Pilihan yang lebih lokal dan jarang diketahui pengunjung adalah: "banh canh cha ca" — mi beras tebal seperti udon dalam kaldu ikan ringan dengan kue ikan. Akses pesisir Nha Trang berarti kue ikan di sini dibuat segar setiap hari, dan perbedaan teksturnya dibandingkan dengan versi buatan pabrik sangat terasa. Ada kedai terkenal di 74 Le Thanh Ton yang buka jam 6 pagi dan biasanya kehabisan potongan terbaik pada jam 9 pagi. Semangkuk harganya: 35.000–40.000 VND.

Penjual makanan jalanan menyajikan mi hu tieu go di pasar terbuka Ho Chi Minh City yang ramai.

Foto oleh Trần Phan Phạm Lê di Pexels

Kopi Bukan Pilihan, Tapi Keharusan

Nha Trang memiliki budaya kopinya sendiri, yang sebagian dibentuk oleh populasi besar Vietnam tengah yang bermigrasi ke sini selama beberapa generasi. Pesanan pagi hari yang standar adalah "ca phe sua da" — kopi es dengan susu kental manis — disajikan dalam gelas kecil di atas es dengan saringan phin yang masih menetes di atasnya saat disajikan. Jangan langsung mengaduknya.

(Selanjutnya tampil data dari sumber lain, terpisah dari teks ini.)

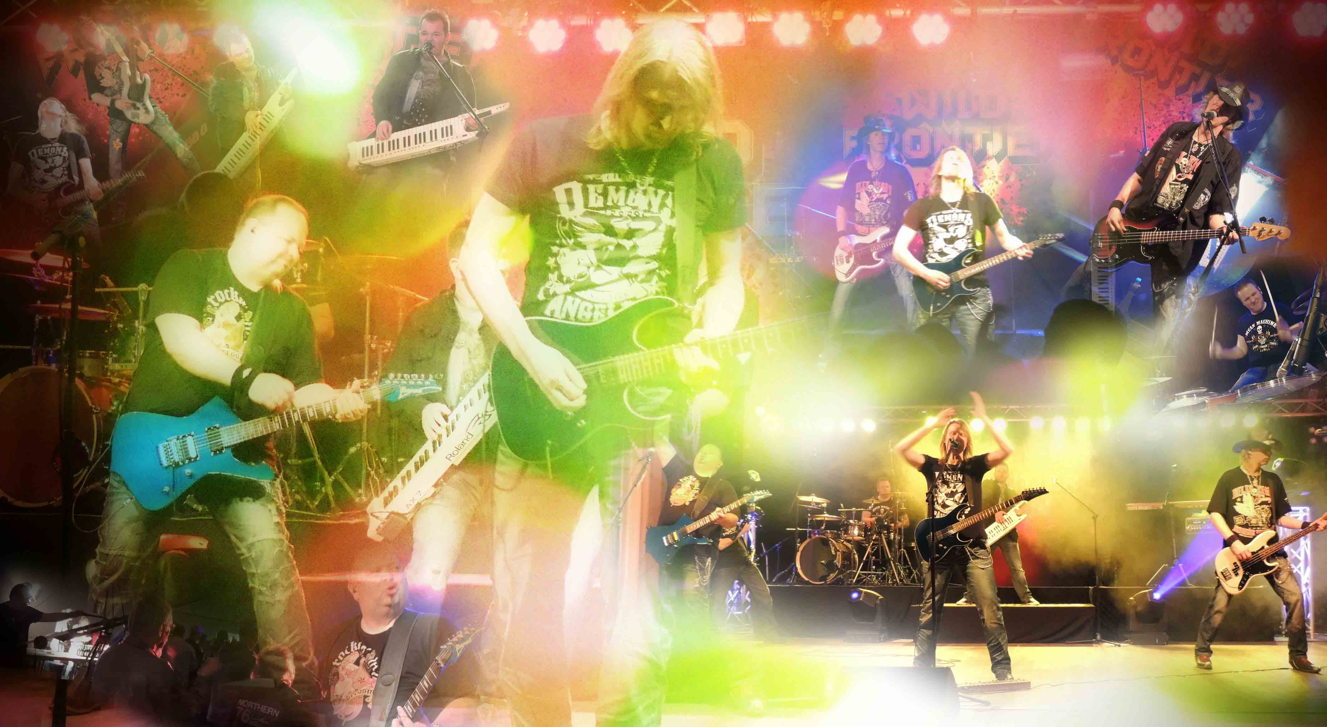 Wild Frontier 2015
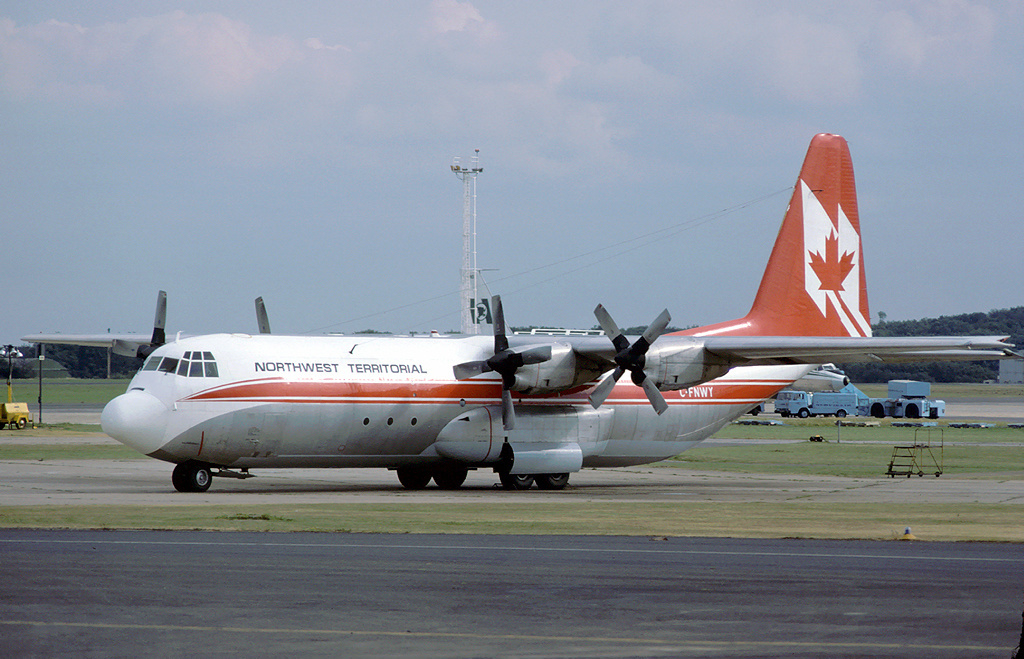 Northwest Territorial Airways Lockheed L-100-30 Hercules C-FNWY at London Stansted Airport
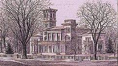 Home of Ithiel Town, Hillhouse Avenue, New Haven. Although designed in the Greek Revival style by Town himself, the building is shown here with later Italianate embellishments (e.g. towers, etc.) added by noted New Haven architect Henry Austin. Yale University would complete the transformation by razing it.
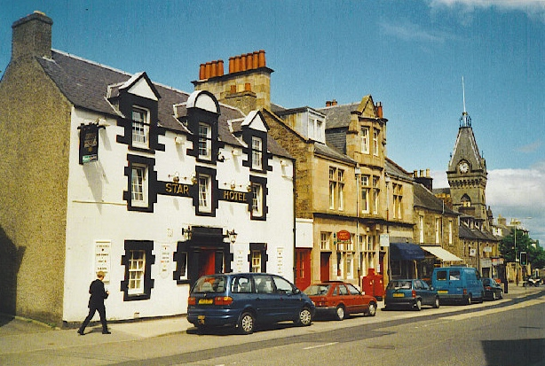 Auchterarder High Street in the sunshine - Star Hotel, Post Office and Town Hall.

Biarkan tetesan terakhir jatuh, baru kemudian aduk.

Gaya "ca phe vot" ala sekolah lama — kopi yang diseduh dalam saringan kain secara massal, lalu disendok ke dalam cangkir — lebih sulit ditemukan tetapi masih ada di beberapa tempat di dekat Cho Dam. Rasanya lebih kasar, lebih pekat, dan kurang fotogenik dibandingkan tren kopi kekinian, tetapi itulah yang diminum oleh sopir taksi berusia 65 tahun di meja sebelah. Layak dicoba sekali.

Jika Anda ingin duduk dengan santai menikmati kopi alih-alih meminumnya di samping sepeda motor Anda, deretan kafe kecil di sepanjang Nguyen Thien Thuat, satu blok dari jalan pantai, memiliki beberapa tempat yang buka jam 6:30 pagi dan tidak akan memutar musik K-pop dengan keras saat Anda baru bangun tidur.

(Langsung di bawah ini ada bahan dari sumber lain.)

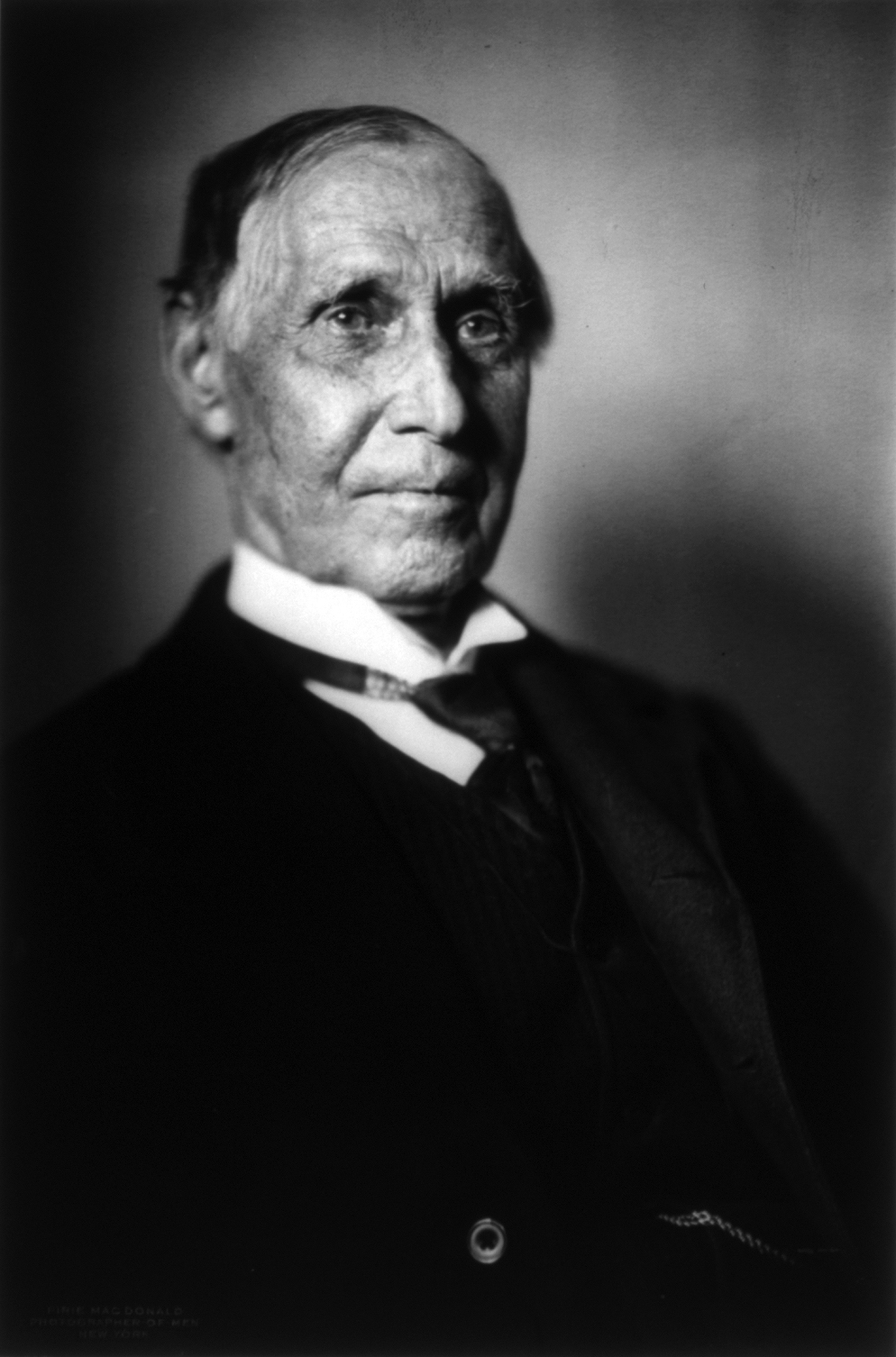 Russell Sage, half length portrait, facing left
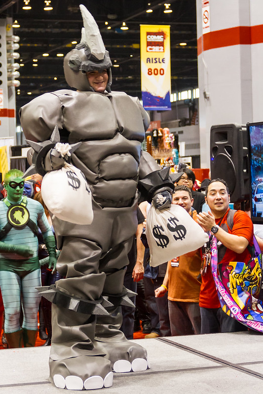 Cosplay of Rhino Marvel comics

Kedai pasar makanan jalanan yang ramai di Vietnam menyajikan hidangan tradisional.

Foto oleh Tuan Vy di Pexels

Cara Menjelajahinya

Geografi sarapan Nha Trang tidak berpusat pada satu jalan — melainkan tersebar di zona-zona pasar. Cho Dam dan Cho Xom Moi adalah dua pusat utamanya. Keduanya berada dalam jarak 10 menit perjalanan dari koridor hotel turis utama di Tran Phu. Biaya xe om (ojek motor) dari jalur pantai ke Cho Dam sekitar 20.000–30.000 VND.

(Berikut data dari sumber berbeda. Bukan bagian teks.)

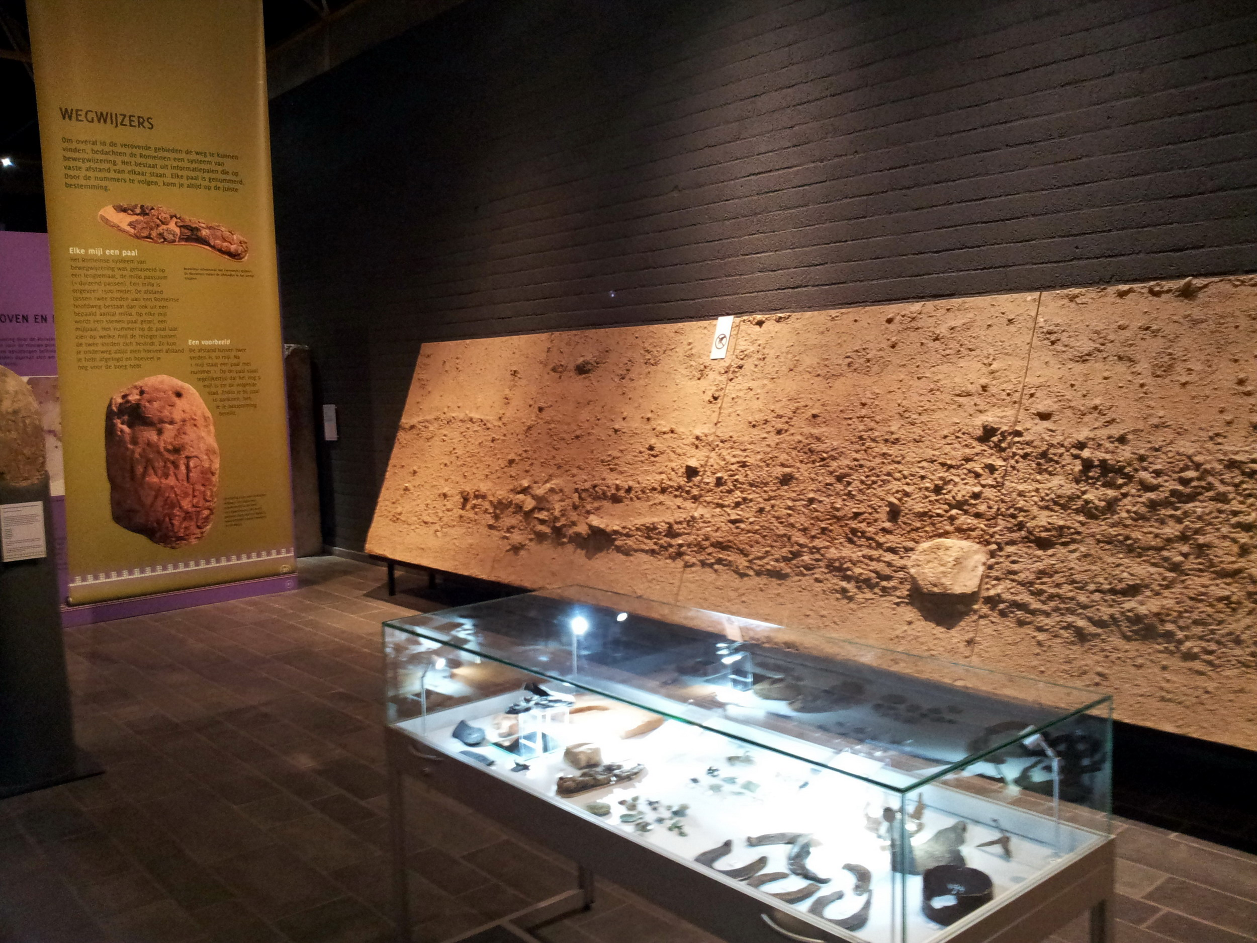 Heerlen, Limburg, the Netherlands. View of a temporary exhibition on "Via Belgica" in the Thermenmuseum in Heerlen in 2013. In the background a reconstructed profile of a section of Via Belgica, the Roman main road between Cologne and Boulogne-sur-Mer.

Pergilah lebih awal. Sebagian besar pedagang yang layak dikunjungi sudah tutup pada jam 9 pagi. Setelah itu, Anda hanya akan mendapatkan sisa makanan atau makanan yang dipanaskan kembali, dan rasanya akan berbeda.

Catatan Praktis

Bawalah uang tunai dalam pecahan kecil — uang kertas 10.000 dan 20.000 VND. Penjual sarapan di pasar jarang memiliki uang kembalian untuk pecahan 200.000 VND. Sebagian besar tempat tidak memiliki menu bahasa Inggris; menunjuk apa yang dipesan orang di sebelah Anda bekerja dengan sangat baik dan biasanya akan membuat Anda mendapatkan hidangan yang lezat.

— SELESAI —

Terakhir diperbarui · May 26, 2026 · riset independen, tanpa sponsor.